Lignin is one of the components in the plant cell wall, after cellulose, making up 20-30% of the global plant biomass. Lignophenols (LPs) are derivatives of lignin with high phenolic function and antioxidant properties. However, their medicinal property is not well characterised. Apolipoprotein-B (apo-B) is an essential component in very low-density lipoprotein, and high levels of serum apolipoprotein-B (apo-B) are a major factor for coronary heart disease. In this study, we examined the effect of lignophenols on apo-B secretion in HepG2 cells. HepG2 cells were treated with varying concentrations of LPs and 0.8 mm sodium oleate. LPs decreased oleate-induced apo-B secretion in a dose-dependent manner. LPs also decreased oleate-induced microsomal triglyceride transfer protein (MTTP) mRNA expression and cellular total cholesterol, suggesting that lipid bioavailability and lipidation of lipoprotein are likely involved in the decreased secretion of apo-B. Furthermore, LPs decreased oleate-induced mature sterol regulatory element binding protein 2 (SREBP-2), a transcription factor that activates cholesterol biosynthesis. This is the first study to show that LPs can decrease oleate-induced apo-B secretion in HepG2 cells. The modulations of MTTP mRNA expression, cellular total cholesterol metabolism and mature SREBP-2 expression may be important factors in the regulation of apo-B secretion by LPs.

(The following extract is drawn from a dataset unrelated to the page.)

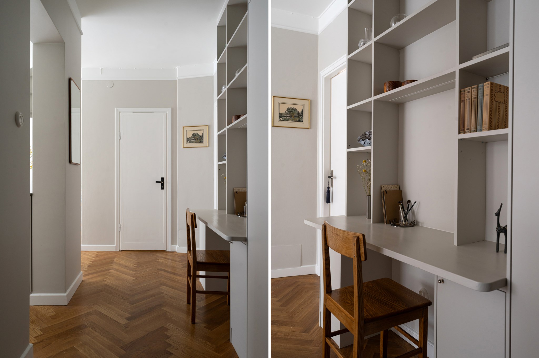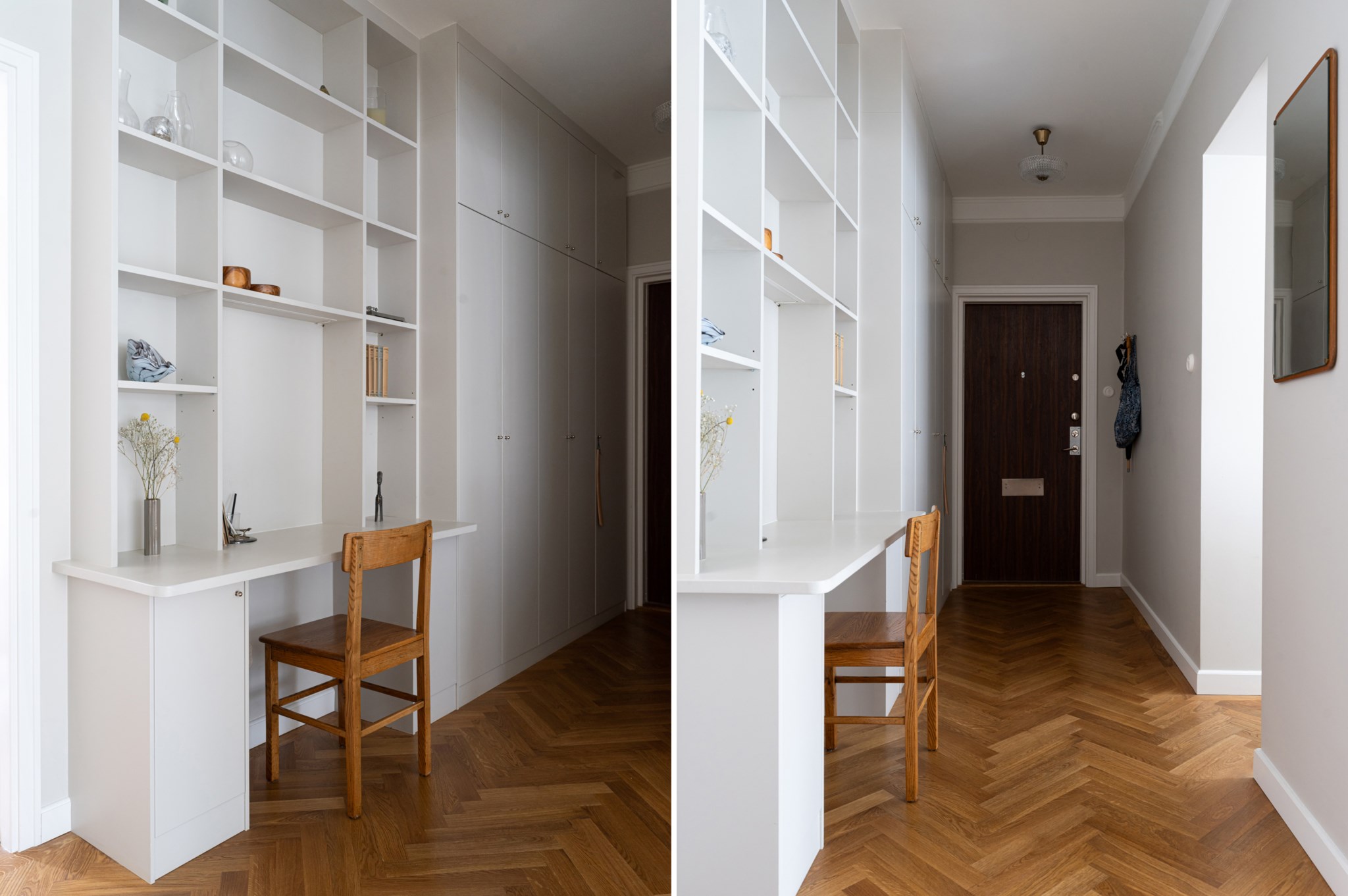 Välkomnande hall med ytskikt bestående av ljusa väggar och fiskbensparkett. Här finns gott om förvaring via platsbyggd garderob. Hallen har även en platsbyggd bokhylla med skrivbord.

Lignin-derived lignophenols attenuate oxidative and inflammatory damage to the kidney in streptozotocin-induced diabetic rats.

This study investigated the effects of lignin-derived lignophenols (LPs) on the oxidative stress and infiltration of macrophages in the kidney of streptozotocin (STZ)-induced diabetic rats. The diabetic rats were divided into four groups with 0%, 0.11%, 0.33% and 1.0% LP diets. The vehicle-injected controls were given a commercial diet. At 5 weeks, superoxide (O(2)(-)) production, macrophage kinetics, the degree of fibrosis in glomeruli and mRNA expression for monocyte chemoattractant protein-1 (MCP-1) were examined. The NADPH-stimulated O(2)(-) levels in the kidney of the diabetic rats treated with 1.0% LP were significantly lower than those in untreated diabetic rats. The number of macrophages, levels of MCP-1 mRNA expression and degree of glomerular fibrosis increased in untreated LP and these levels were significantly lower in 1.0%LP-treated rats. The results suggested that LPs suppress the excess oxidative stress, the infiltration and activation of macrophages and the glomerular expansion in STZ-induced diabetic kidneys.